To their surprise, the woodpeckers showed activity in areas of the brain that birds use to learn song.
After playing the woodpecker to the sound of some drumming, the researchers found that it activated these brain regions.
This suggests that birds may learn the drumming patterns of their beaks rather than vocalizations.
The brain regions they use when pecking may also have evolved in the same way as those used by other species for vocal learning.
Lead author Professor Matthew Fuxjger said: ‘Woodpeckers have a set of specialized brain regions that control their ability to drum, or rapidly hammer their bills on trees and gutters during fights with other birds.
‘Moreover, these brain regions appear remarkably similar to the parts of the brain in songbirds that help these animals learn to sing.’
Woodpeckers use their long tongues to burrow into the bark of trees to build nests and carve cavities to hold food.

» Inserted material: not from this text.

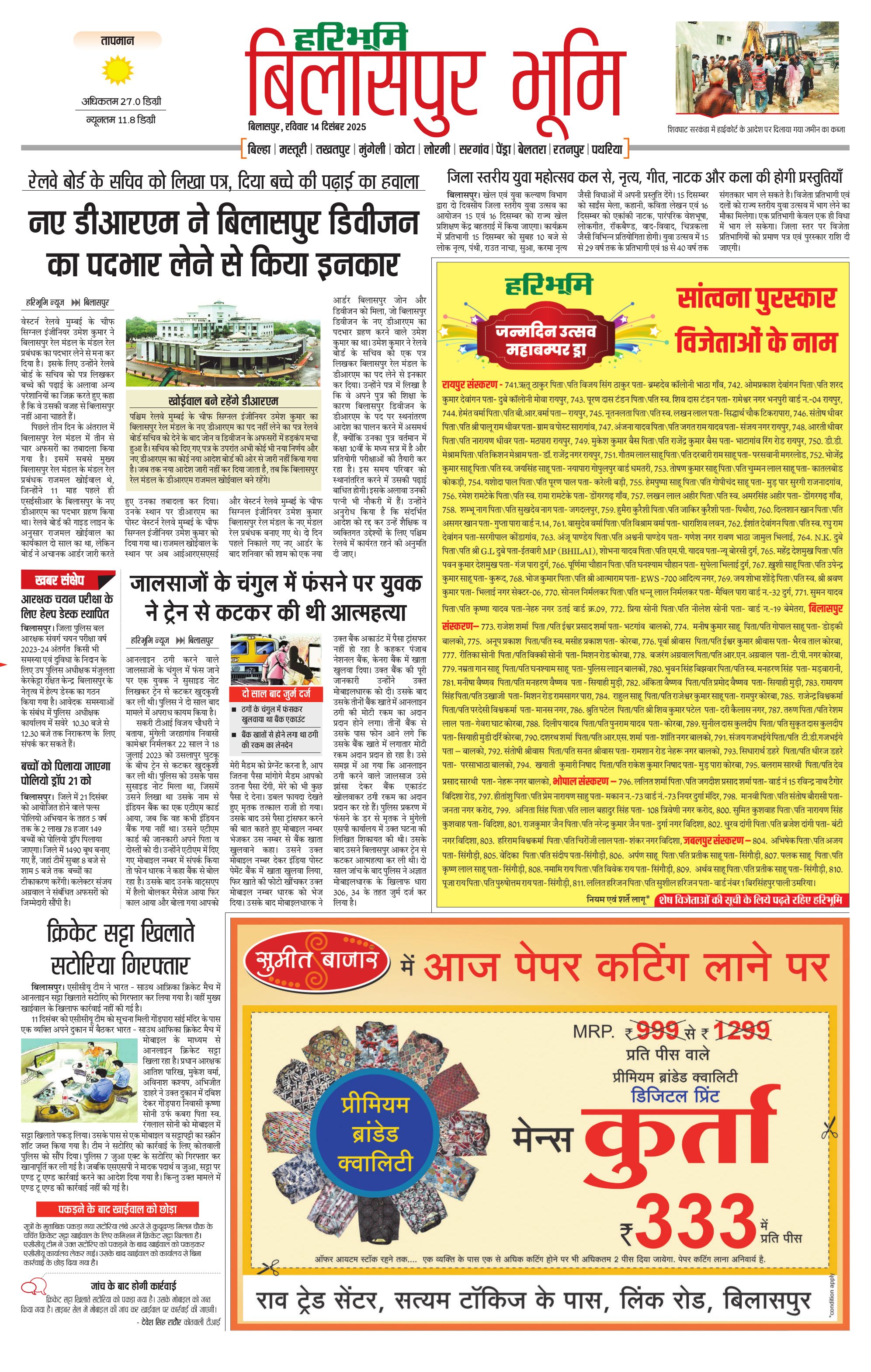 बिलासपुर भूमि - 14 Dec 2025 - - Page 1

They sit vertically on trees and repeatedly slam their beaks into the trunks, as if playing a drum or drilling.
Birds also use noise to defend their territories and scare off potential intruders, in the same way that birds do.
The production of both drumming and birdsong also requires rapid and complex motor movements, and must be adaptable when birds compete with each other.

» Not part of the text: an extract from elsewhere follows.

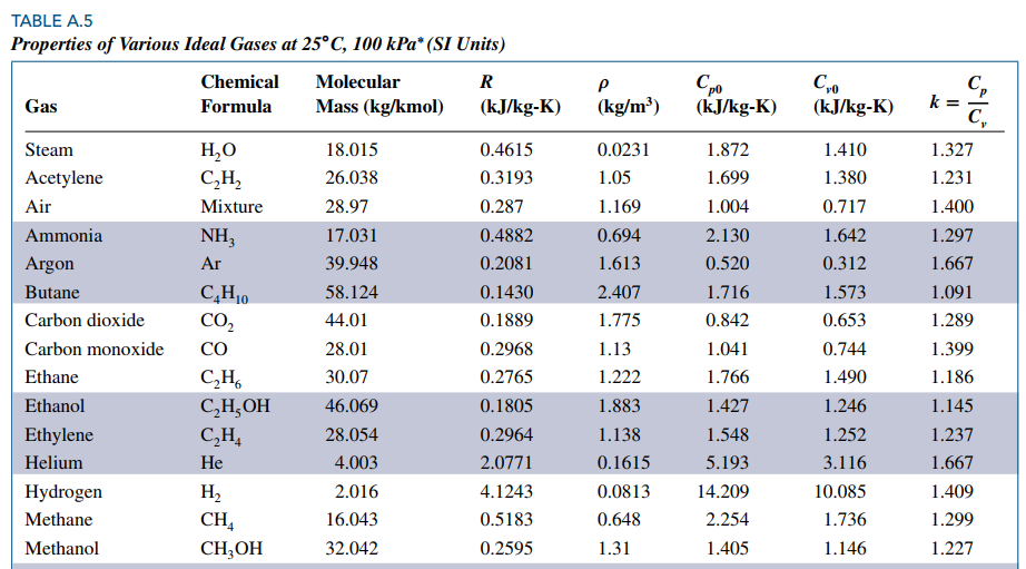 기체상수를 몰 질량으로 나눈 값을 mass-specific gas constant 라고 부릅니다. 이 값은 기체 종류에 따라 달라집니다. sonntag 열역학 책의 표 A.5 에 나옵니다. 아래는 일부 발췌입니다.

These factors suggest that they may have neurological similarities, and songbirds are known to express a marker gene called parvalbumin (PV) that regulates vocalization learning.
PV is also associated with language learning in humans, which is similar to bird song in that it is learned at a young age and requires complex muscle coordination.
However, the gene has never been found in the forebrains of birds that do not learn their vocalizations.
Microscope images of PV-rich forebrain nuclei in song-learning hummingbird (green box) and drumming woodpecker (red box). The white dashed regions indicate the boundaries for the song control regions. The blue dashed regions indicate particular PV regions. Scale bar = 2 mm
Some birds, such as hawks, are born with an innate ability to speak, while others, such as songbirds and parrots, must listen and imitate older birds to learn this.
for this study, published yesterday PLOS BiologyThe scientists were checking to see if the brains of birds that didn’t learn their calls looked different from those of them.
Earlier research has suggested that PV activity is promoted in birds that learn their vocalizations, so they wanted to confirm that this was not the case in some non-learning species.
This included flamingos, ducks, hawks, penguins and lowly woodpeckers, but, to their surprise, they found that the latter had specialized brain regions that make up PV.
These regions are similar in number and location to many forebrain regions that control song learning and song production.
Woodpecker drumming, like birdsong, may have been a learned behavior, and has evolved in the same way as vocal learning in animals and language in humans (stock image)
To test how the lowly woodpecker used that part of its brain, the researchers played drumming sounds through speakers near their nesting cavities in the wild.
They then examined the forebrains of woodpeckers that played drums in response to sound, and found that it triggered activity in PV brain regions.
This suggests that drumming, like the song of birds, may be a learned behavior, and has evolved in the same way as vocal learning in animals and language in humans.
These findings enhance the understanding of how brain systems evolve to perform new, but similar functions.
Woodpecker heads ‘act like hard hammers’, not safety helmets, study finds
Scientists have debunked a popular theory about how the woodpecker could repeatedly bang its beak against a tree at high speed without causing brain damage.
The researchers analyzed high-speed videos of three species of woodpeckers – the stacked woodpecker, the black woodpecker and the great-spotted woodpecker.